High School

A deli wraps its cylindrical containers of hot food items with plastic wrap. The containers have a diameter of 5.5 inches and a height of 3 inches.

What is the minimum amount of plastic wrap needed to completely wrap 8 containers?

Round your answer to the nearest tenth and approximate using [tex]\pi = 3.14[/tex].

A. 51.8 in²
B. 99.3 in²
C. 595.8 in²
D. 794.4 in²

Answer :

The minimum amount of plastic wrap needed to completely wrap 8 cylindrical containers, each with a diameter of 5.5 inches and a height of 3 inches, is approximately 794.4 square inches. Therefore, the correct option is D.
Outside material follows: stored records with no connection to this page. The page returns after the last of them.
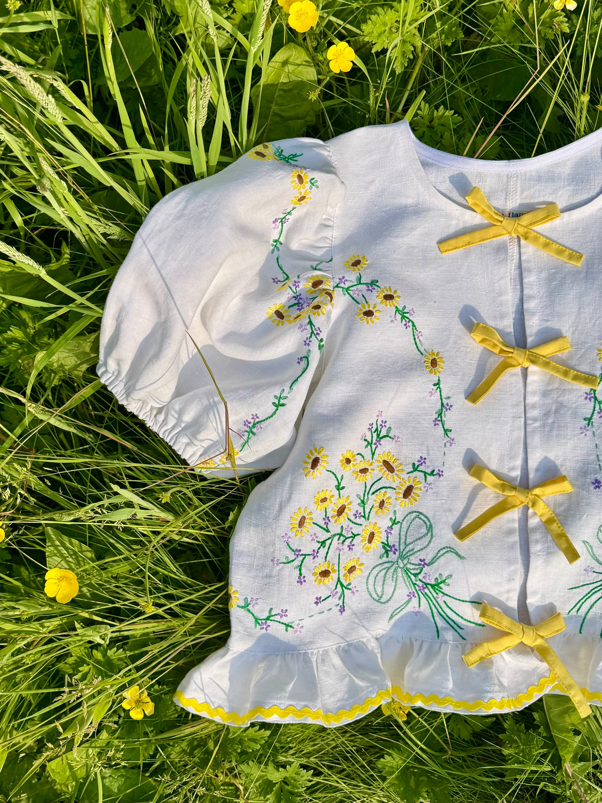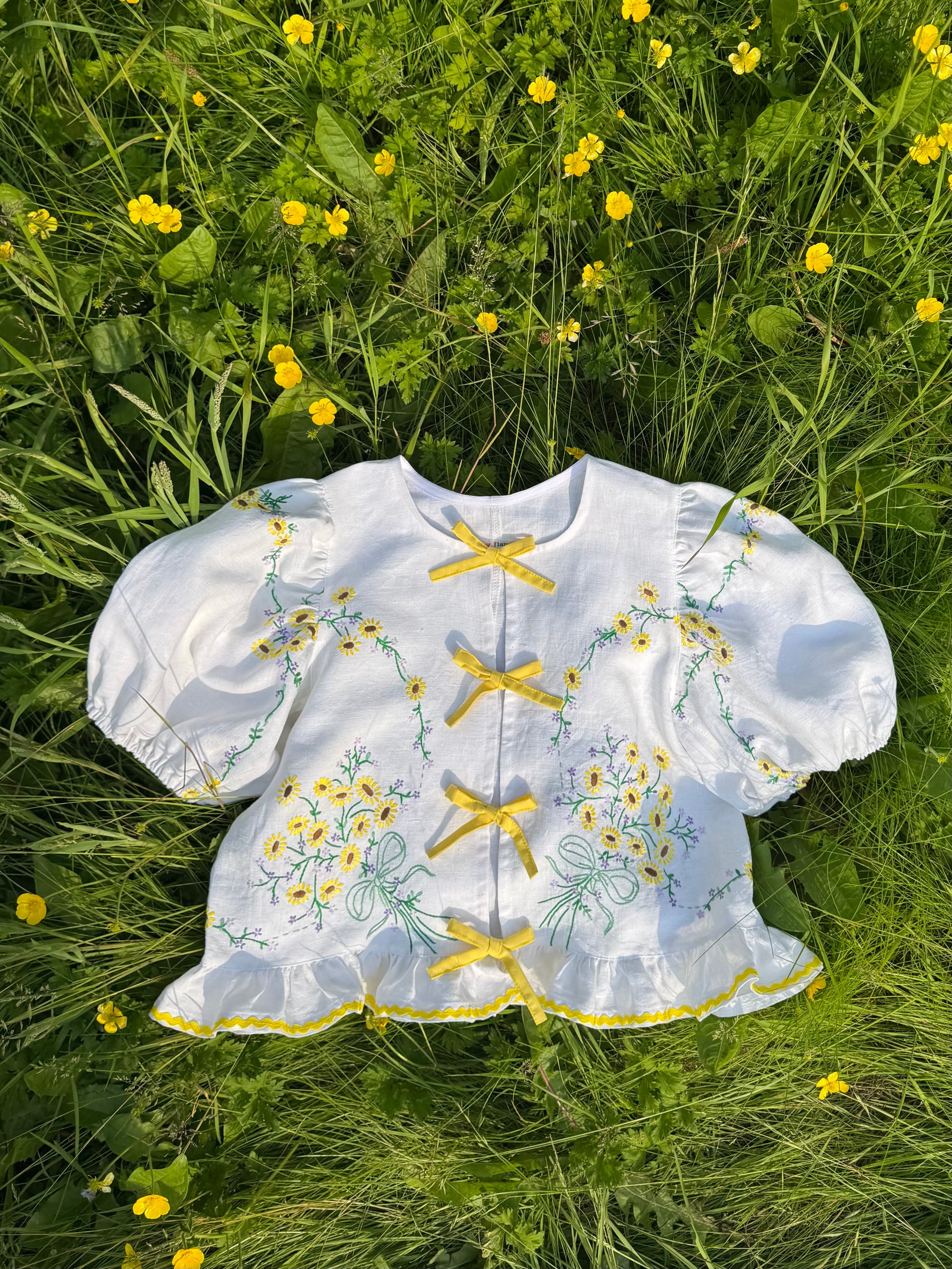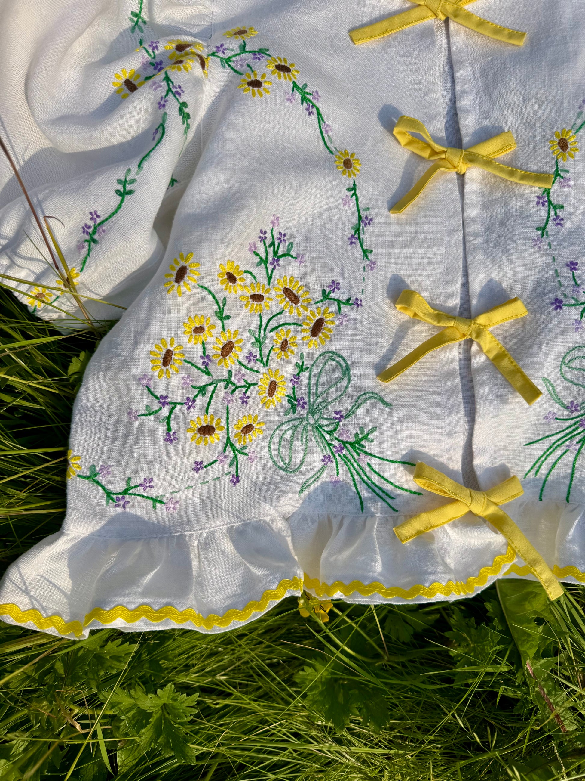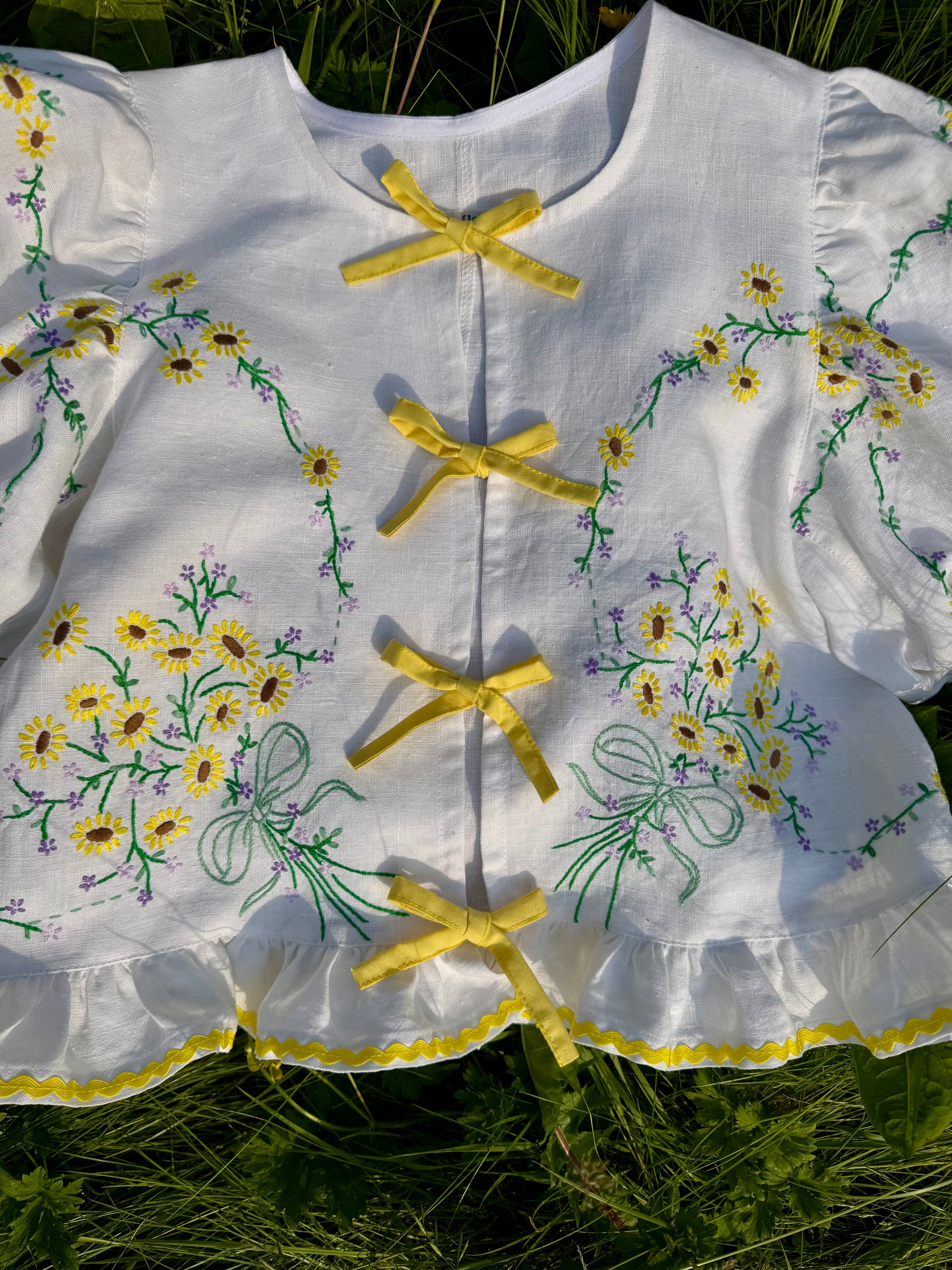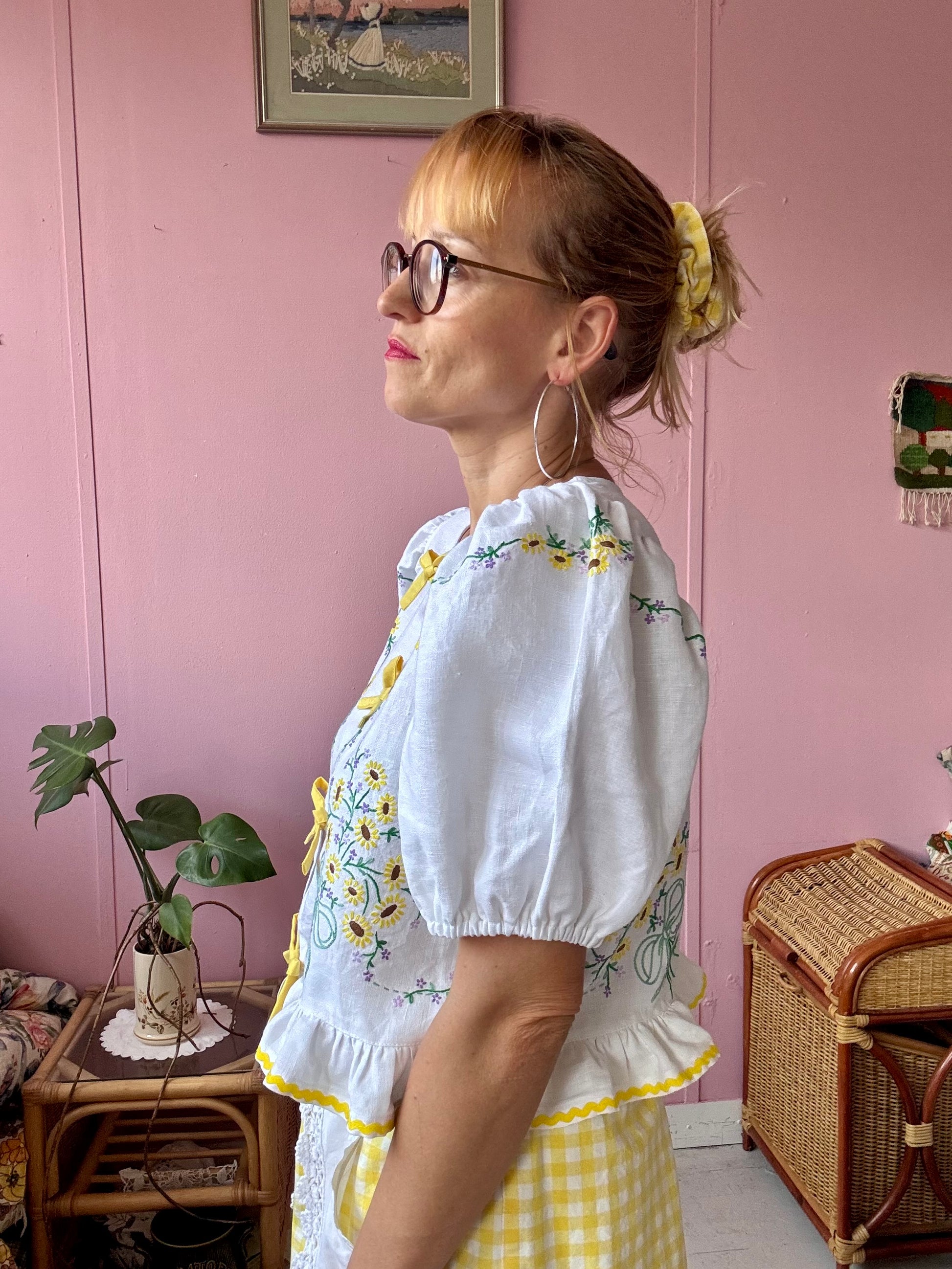 floral blouse made from vintage tablecloth with hand embroidery -beautiful yellow all over flowers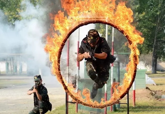协同穿越火圈是对特战队员心理的考验,也需要很熟练的技巧。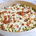 - Remove from the oven, top with crumbled bacon bits, serve warm and enjoy!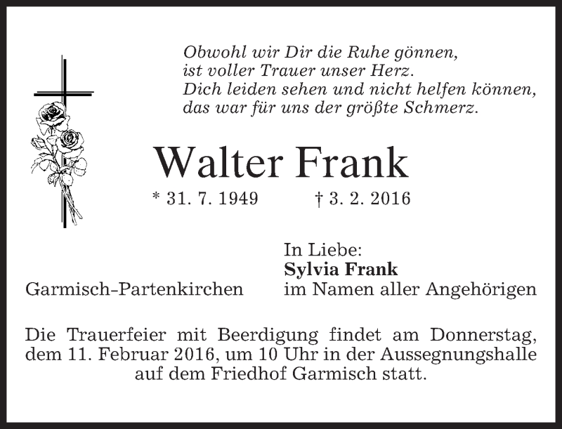 Hier finden Sie alle Traueranzeigen aus der Zeitung, die bisher für Walter Frank erschienen sind. Weitere Traueranzeigen, die in der Zeitung erscheinen, werden hier ebenfalls aufgelistet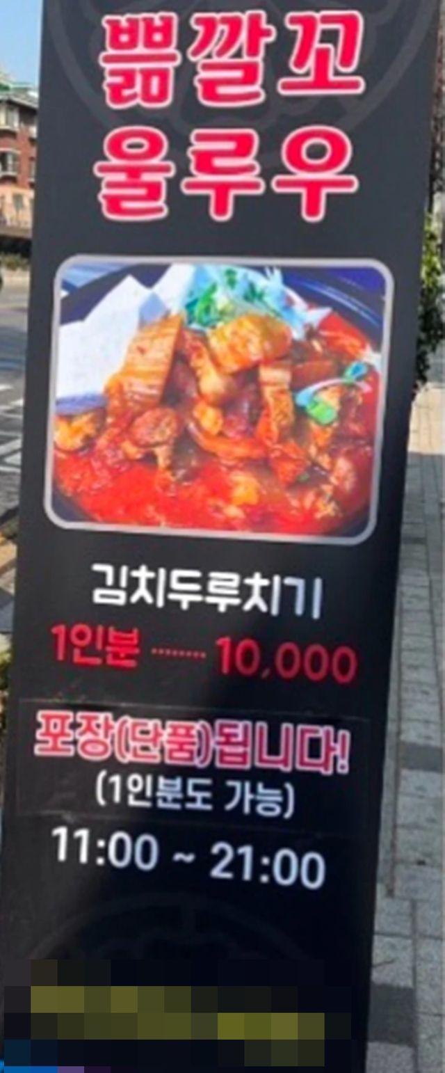 식당은 김치 두루치기를 단일 메뉴로 제공하며 가격은 1만원이다.

To determine the minimum amount of plastic wrap needed to completely wrap 8 cylindrical containers, we must calculate the surface area of one container and then multiply it by 8. Given the diameter is 5.5 inches, the radius (r) is half of that, or 2.75 inches. The height (h) of the container is 3 inches.

The surface area (A) of a cylinder can be calculated using the formula

A = 2pi*r*h + 2pi*r^2,

where the first term represents the area of the side of the cylinder, and the second term is the area of the top and bottom circles (lids of the cylinder).

Plugging in our given values:

A = 2 * 3.14 * 2.75 * 3 + 2 *s 3.14 * (2.75)^2.

This gives us

A = 51.7 + 47.6

= 99.3 inches(^2) for one container. For 8 containers:

99.3 * 8 = 794.4 inches(^2).

Therefore, the minimum amount of plastic wrap needed to wrap 8 containers is approximately 794.4 square inches.